*What the task requires*. Write out the material below again, line for line, without any images.

[Extracted data Boundary: Start]

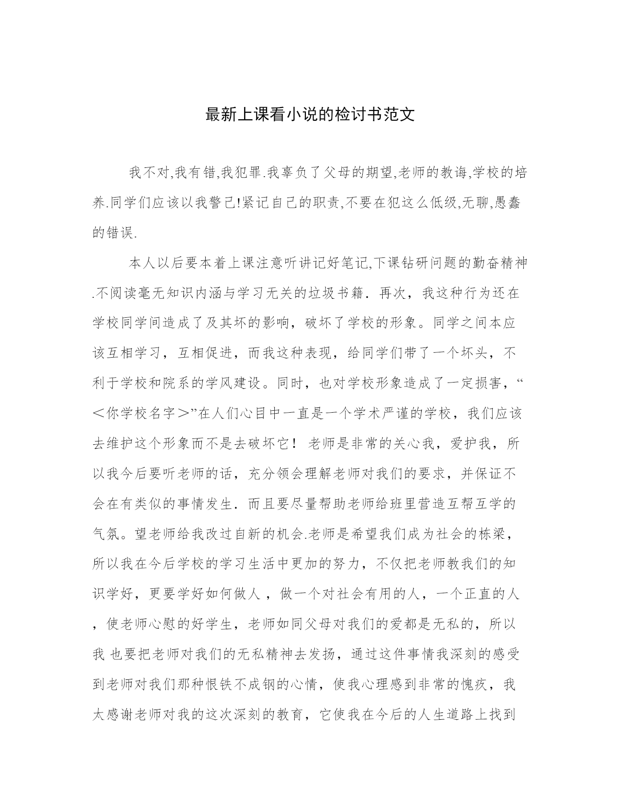 最新上课看小说的检讨书范文
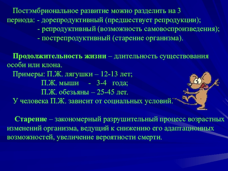 от выхода из яйцевых оболочек или рождения до смерти организма.
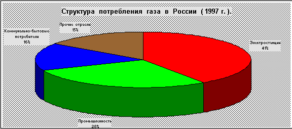 В 1997 г. народному хозяйству России поставлено 336 млрд.м 3 . газа, в том числе предприятиями РАО “Газпром” - 301,3 млрд.м 3 . газа. Наиболее значительным и стабильным потребителем газа в России является электроэнергетический сектор, где за последние годы произошла переориентация значительной части централизованного производства тепла и электроэнергии на использование газа. В общем объёме потребления доля электроэнергетики составляет 40,5%. Роль основного потребителя газа в России всё больше приобретает коммунально-бытовой сектор, доля которого в общем объёме потребления в 1997 г. составила 16,2%. Одна из основных задач компании - довести до мирового уровня потребление газа в коммунально-бытовом секторе.
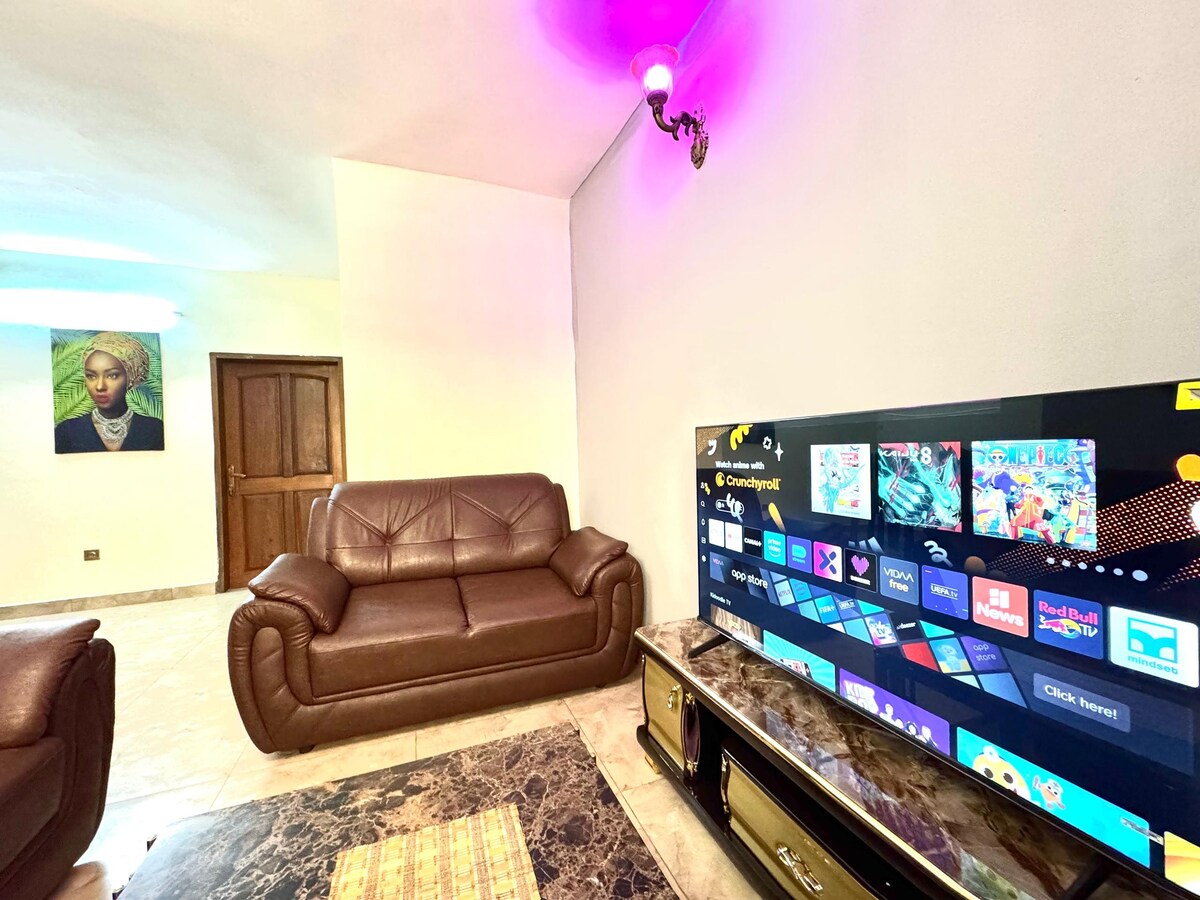 Árasán nua - aimseartha, glan agus ciúin (90 m2) le haghaidh do thréimhsí fanachta in Yaoundé. Tá an t - árasán suite in Ekoumdoum (in aice le Odza). Is í Bambinos School an t - ionad. Leathbhealach idir lár an bhaile (thart ar 15 nóiméad) agus an t - aerfort (thart ar 25 nóiméad) sa charr Rochtain éasca ar roinnt ollmhargaí amhail Santa Lucia, Carrefour (5 nóiméad) nó stáisiúin gháis de réir mar is gá (800 m) In aice leis an bpríomhbhóthar a fhágann go bhfuil sé éasca teacht air i gcarr nó ag siúl. Páirceáil, Wi - Fi Gan Teorainn, A/C, feighlí ar fáil
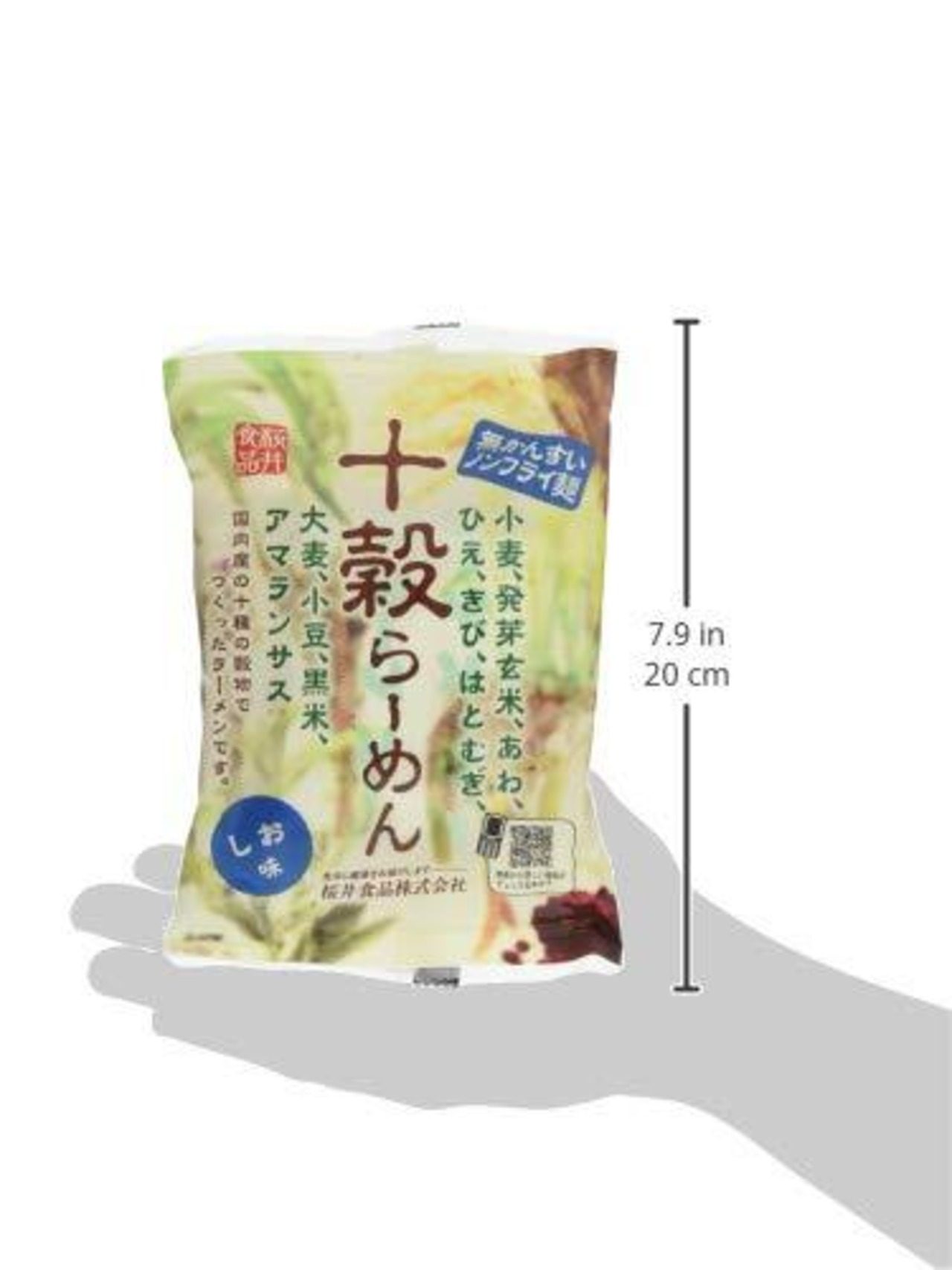 北海道産契約栽培小麦粉を主原料に、国内で栽培された十種類の穀物(小麦粉・黒米粉・小豆粉・発芽玄米粉・大麦粉・もちきび粉・もちあわ粉・うるちひえ粉・アマランサス粉・はと麦粉)を配合して作られた、油で揚げないノンフライめんです。添付のスープは化学調味料を使用していません。
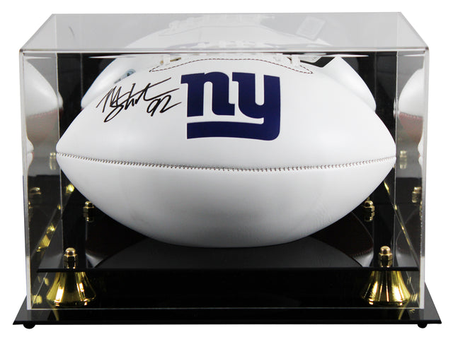 Own a piece of New York Giants history with this Autographed Franklin White Panel Logo Football with UV Mirrored Back Acrylic Display Case, personally signed by Michael Strahan—NFL Hall of Famer and Super Bowl XLII champion. A cornerstone of the legendary Giants defense, Strahan is celebrated for his iconic career, including setting the single-season sack record. This signed football is an ideal centerpiece for any Giants enthusiast or collector of sports greatness.
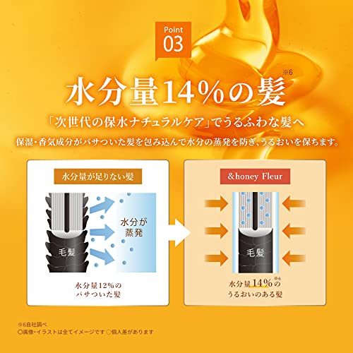 This shampoo and hair treatment set from the "Fragrant Honey Beauty" line focuses on the hair's moisture content of 14%, taking care of any unpleasant odors from the hair and scalp. It employs a unique structure that offers a 140% increase in fragrance longevity, making it the most fragrant in the series. The product is composed of over 90% moisturizing and fragrant ingredients such as honey and high-penetration hyaluronic acid, providing a relaxing scent from the scalp to the hair tips and leaving your hair soft and fluffy. The shampoo has a fragrance of Osmanthus Honey, while the hair treatment has a Mimosa Honey scent. It is also free of additives.

[Extracted data Boundary: End]

*Problem solution*.
 最新上课看小说的检讨书范文
 от выхода из яйцевых оболочек или рождения до смерти организма.
 В 1997 г. народному хозяйству России поставлено 336 млрд.м 3 . газа, в том числе предприятиями РАО “Газпром” - 301,3 млрд.м 3 . газа. Наиболее значительным и стабильным потребителем газа в России является электроэнергетический сектор, где за последние годы произошла переориентация значительной части централизованного производства тепла и электроэнергии на использование газа. В общем объёме потребления доля электроэнергетики составляет 40,5%. Роль основного потребителя газа в России всё больше приобретает коммунально-бытовой сектор, доля которого в общем объёме потребления в 1997 г. составила 16,2%. Одна из основных задач компании - довести до мирового уровня потребление газа в коммунально-бытовом секторе.
 Árasán nua - aimseartha, glan agus ciúin (90 m2) le haghaidh do thréimhsí fanachta in Yaoundé. Tá an t - árasán suite in Ekoumdoum (in aice le Odza). Is í Bambinos School an t - ionad. Leathbhealach idir lár an bhaile (thart ar 15 nóiméad) agus an t - aerfort (thart ar 25 nóiméad) sa charr Rochtain éasca ar roinnt ollmhargaí amhail Santa Lucia, Carrefour (5 nóiméad) nó stáisiúin gháis de réir mar is gá (800 m) In aice leis an bpríomhbhóthar a fhágann go bhfuil sé éasca teacht air i gcarr nó ag siúl. Páirceáil, Wi - Fi Gan Teorainn, A/C, feighlí ar fáil
 北海道産契約栽培小麦粉を主原料に、国内で栽培された十種類の穀物(小麦粉・黒米粉・小豆粉・発芽玄米粉・大麦粉・もちきび粉・もちあわ粉・うるちひえ粉・アマランサス粉・はと麦粉)を配合して作られた、油で揚げないノンフライめんです。添付のスープは化学調味料を使用していません。
 Own a piece of New York Giants history with this Autographed Franklin White Panel Logo Football with UV Mirrored Back Acrylic Display Case, personally signed by Michael Strahan—NFL Hall of Famer and Super Bowl XLII champion. A cornerstone of the legendary Giants defense, Strahan is celebrated for his iconic career, including setting the single-season sack record. This signed football is an ideal centerpiece for any Giants enthusiast or collector of sports greatness.
 This shampoo and hair treatment set from the "Fragrant Honey Beauty" line focuses on the hair's moisture content of 14%, taking care of any unpleasant odors from the hair and scalp. It employs a unique structure that offers a 140% increase in fragrance longevity, making it the most fragrant in the series. The product is composed of over 90% moisturizing and fragrant ingredients such as honey and high-penetration hyaluronic acid, providing a relaxing scent from the scalp to the hair tips and leaving your hair soft and fluffy. The shampoo has a fragrance of Osmanthus Honey, while the hair treatment has a Mimosa Honey scent. It is also free of additives.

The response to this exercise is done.